2. Chickenpox, Part II.

We learned in Exercise 3.3.6.4 that about 90% of American adults had chickenpox before adulthood. We now consider a random sample of 120 American adults.

  1. How many people in this sample would you expect to have had chickenpox in their childhood? And with what standard deviation?

  2. Would you be surprised if there were 105 people who have had chickenpox in their childhood?

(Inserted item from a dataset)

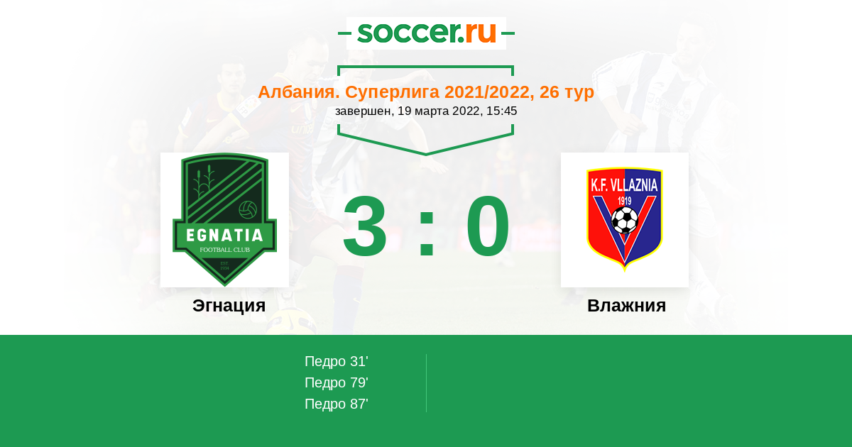 Протокол матча Эгнация против Влажния

  3. What is the probability that 105 or fewer people in this sample have had chickenpox in their childhood? How does this probability relate to your answer to part (b)?

3. Game of dreidel.

A dreidel is a four-sided spinning top with the Hebrew letters nun, gimel, hei, and shin, one on each side. Each side is equally likely to come up in a single spin of the dreidel. Suppose you spin a dreidel three times. Calculate the probability of getting

  1. at least one nun?

  2. exactly 2 nuns?

  3. exactly 1 hei?

  4. at most 2 gimels?

Figure 4.4.12. Photo by Staccabees, cropped (http://flic.kr/p/7gLZTf), CC BY 2.0 license
Solution

(a) \(1-0.75^3=0.5781\text{.}\)

(b) 0.1406.

(c) 0.4219.

(d) \(1-0.25^3=0.9844\text{.}\)

4. Sickle cell anemia.

Sickle cell anemia is a genetic blood disorder where red blood cells lose their flexibility and assume an abnormal, rigid, “sickle” shape, which results in a risk of various complications. If both parents are carriers of the disease, then a child has a 25% chance of having the disease, 50% chance of being a carrier, and 25% chance of neither having the disease nor being a carrier. If two parents who are carriers of the disease have 3 children, what is the probability that

  1. two will have the disease?

  2. none will have the disease?

  3. at least one will neither have the disease nor be a carrier?

  4. the first child with the disease will the be \(3^{rd}\) child?